我们项目使用 seatunnel 从业务库抽数到数仓（StarRocks），已经成功使用 Mysql-CDC 做了大量的实时同步。但最近在抽一个 MySQL 表的时候遇到了异常情况，作业启动之后，日志显示读写数量一直为 0，且长时间不停止，运行 6 小时之后以 checkpoint timeout 异常停止。

作业模型如下（已擦除涉密信息）：

运行关键日志：

问题背景

场景：使用 mysql-cdc 进行数据实时抽取到 StarRocks
seatunnel 版本：2.3.9
Mysql 版本：8.x
starrocks 版本：3.2
源表数据量：6000W-7000W

提出疑问

为什么读写数量一直为 0？
为什么运行这么长时间才报超时？

分析过程

由于之前已大量使用 mysql-cdc 进行抽数，模型配置基本一致，没有出现过这种问题，大概率不是 seatunnel 的问题。

对比之前的表，看源表和之前正常接入的表是否有什么不一样。

对比之下果然发现猫腻：

之前的表基本都是有自增主键的；本次同步的表没有自增主键，仅设有多个唯一索引

疑问就来了：SeaTunnel 到底是怎样同步数据的？

根据已有的认知，在同步 cdc 数据时，SeaTunnel 会分为两个步骤：先快照同步，再解析 binlog 进行增量同步。

作业启动读取数量一直为 0，应该是在快照同步阶段就卡住了。那么，快照同步的过程是啥呢？
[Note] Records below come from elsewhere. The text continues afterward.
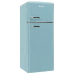 Nova linija hladnjaka retro izgleda dolazi u pet različitih boja i tri veličine. Odlikuje ih E razred, koji osigurava ekonomičnu upotrebu. Elegantan dizajn svakoj kuhinji osigura novu energiju.boja: svijetlo plava, ručke i rub između hladnjaka i zamrzivača od inoxaenergetski razred: Evrsta aparata: samostojeći, dvoja vrataukupni bruto volumen: 210Lvolumen hladnjaka: 162Lbroj polica: 3, kaljeno staklobroj polica na vratima: 3broj posuda za voće i povrće: 1LED osvjetljenjevolumen zamrzivača: 44Lbroj polica u zamrzivaču: 1razred zamrzavanja: */***održavanje temperature u slučaju nestanka struje: 12 satiantibakterijski sustavotvaranje u desnu stranugodišnja potrošnja energije: 180 kWdimenzije (VxŠxD): 144 x 55 x 61,5 cm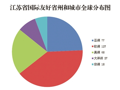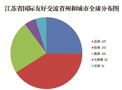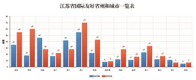 国际友城活动的蓬勃发展得益于改革开放,并推动了改革开放。自建立第一对友城以来,江苏积极开展对外交往,拓展与世界各国的交流范围。历时40年,江苏的国际“朋友圈”取得丰硕成绩,国际友城数量连续多年居全国第一。据省外办统计,截至今年8月,江苏已与世界60个国家缔结317对友好省州和城市,423对友好交流省州和城市,实现对全球主要经济体、新兴经济体和区域性大国全覆盖,遍布全球。其中,省级35对友好省州总面积达394万平方公里,总人口2.95亿,经济总量超8万亿美元。近年来,我省积极参与“一带一路”建设,发挥地处“一带一路”交汇点的独特优势,重点开展与“一带一路”沿线国家的地方交流,建立友好交流关系。江苏与沿线国家缔结98对友好省州和城市,153对友好交流省州和城市。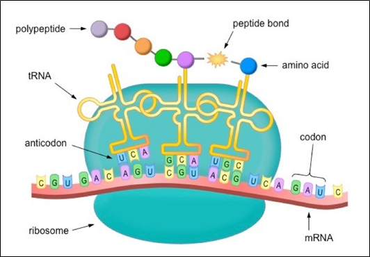 The translation is the process in which proteins are generated using the information carried in mRNA molecules. The nucleotide sequence in the mRNA molecule provides the code for an essential amino acid sequence to create a protein. A protein is made from many amino acids, similar to how RNA is constructed from many nucleotides. A ‘polypeptide chain’ is considered a chain of amino acids, and a polypeptide chain bends and folds on itself to form a protein.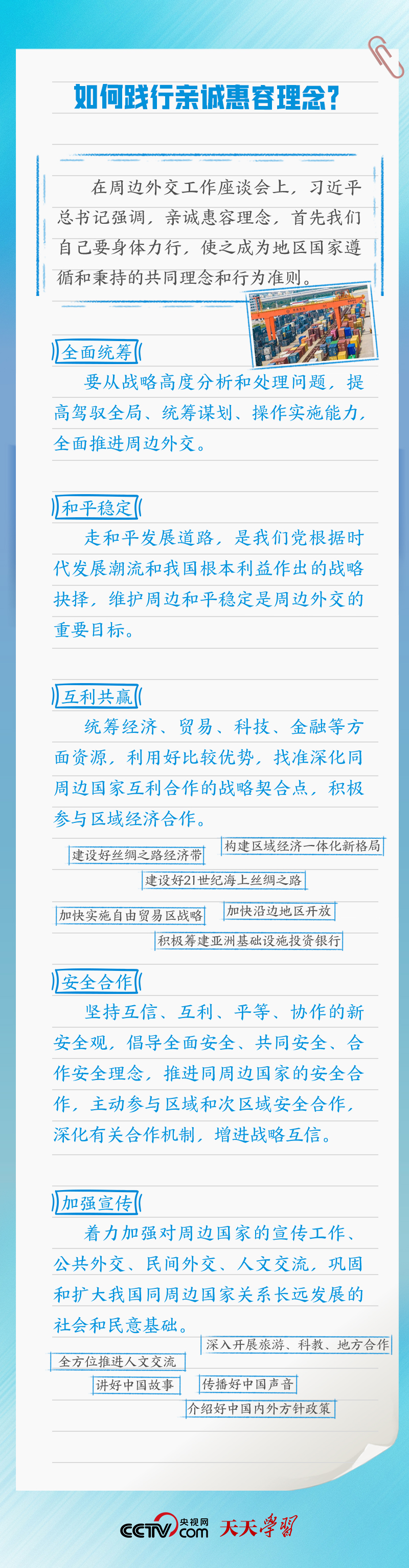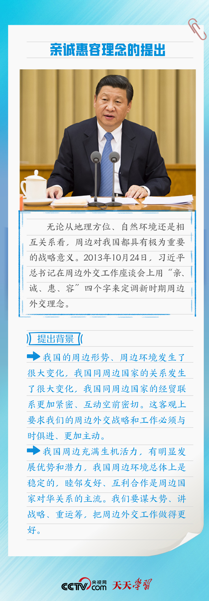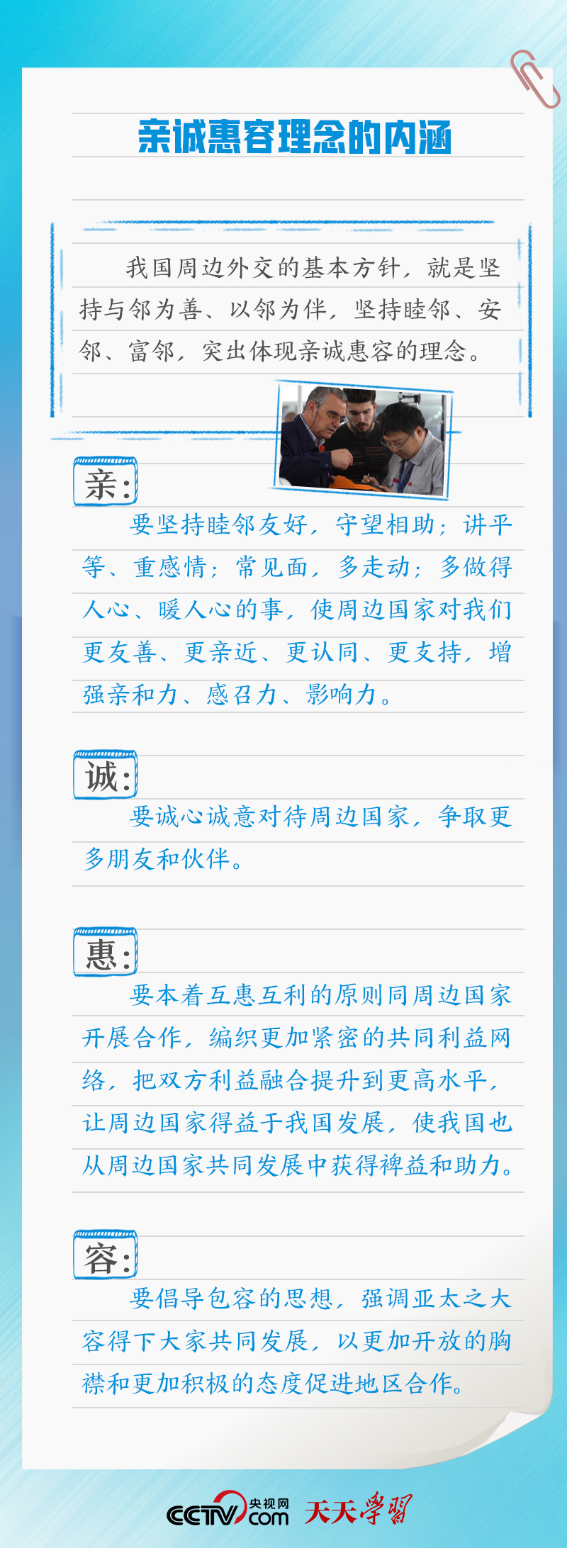 “親誠惠容”理念,源自多年來中國周邊外交實踐,是新形勢下中國堅持走和平發展道路的生動宣言。親誠惠容理念有何重要內涵?如何踐行親誠惠容理念?央視網《天天學習》欄目特梳理相關內容,與您一起學習。

先查看官方文档 MySQL CDC | Apache SeaTunnel：https://seatunnel.apache.org/zh-CN/docs/2.3.9/connector-v2/source/MySQL-CDC

其实是没有关于原理方面的介绍的，但是找到了一些可配置参数：

参数解析

chunk-key.even-distribution.factor.upper-bound

复制代码

默认值：100

英文描述：

The upper bound of the chunk key distribution factor. This factor is used to determine whether the table data is evenly distributed. If the distribution factor is calculated to be less than or equal to this upper bound (i.e., (MAX(id) - MIN(id) + 1) / row count), the table chunks would be optimized for even distribution. Otherwise, if the distribution factor is greater, the table will be considered as unevenly distributed and the sampling-based sharding strategy will be used if the estimated shard count exceeds the value specified by sample-sharding.threshold. The default value is 100.0.

中文描述：

用于分块的 key 的分布因子的上边界值。这个因子用于决定这个表数据是否是均匀分布的。如果这个分布因子<=上边界值（举例：计算公式(MAX(id) - MIN(id) + 1) / 总数据量），这个表分块的时候会按照均匀分布的策略进行，否则，如果这个分布因子超过了上边界值，这个表被认为是不均匀分布，并且如果预估分片数量超过了 sample-sharding.threshold 参数值（默认 100），会使用基于采样的分片策略。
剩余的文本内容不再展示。